DATA EXCERPT:
((

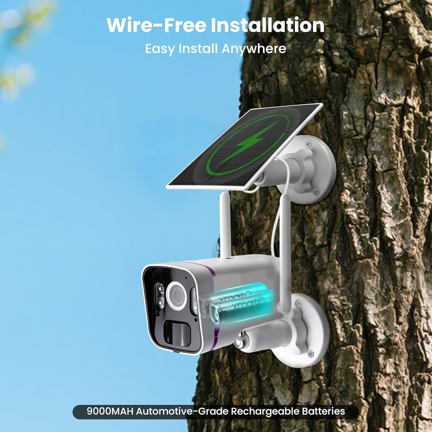 Solar energy without stopping: rechargeable batteries of automotive degree of 9000 mAh of large capacity store a power more than enough, and solar panels replenish energy every day, regardless of whether it is sunny, rainy or snowy. Technology for all climate maintains the cameras that work with energy without stopping even in winter, saving the problems of knocking down cameras for the recharge. You can also use a 5V phone charger to keep the camera plugged in and work with monitoring 24 hours a day, 7 days a week, protecting its loved ones and beings.
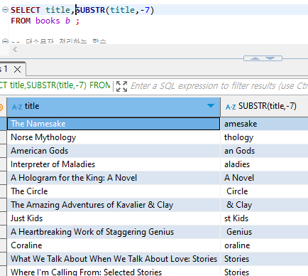 -- 책 제목을 맨 뒤 7번째 글자부터 끝까지 가져오세요.
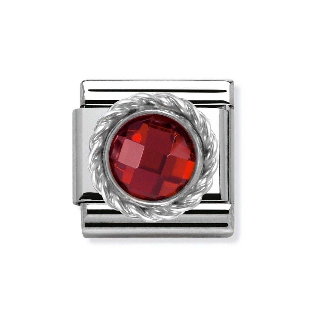 Nomination silvershine stainless steel and silver classic red faceted cubic zirconia charm.

))

EXERCISE OBJECTIVE: The task requires restating verbatim the lines from the one that holds "-- 책 제목을 맨 뒤 7번째 글자부터 끝까지 가져오세요." through the end of the listing, both ends counted, and no pictures.

PROBLEM SOLUTION:
 -- 책 제목을 맨 뒤 7번째 글자부터 끝까지 가져오세요.
 Nomination silvershine stainless steel and silver classic red faceted cubic zirconia charm.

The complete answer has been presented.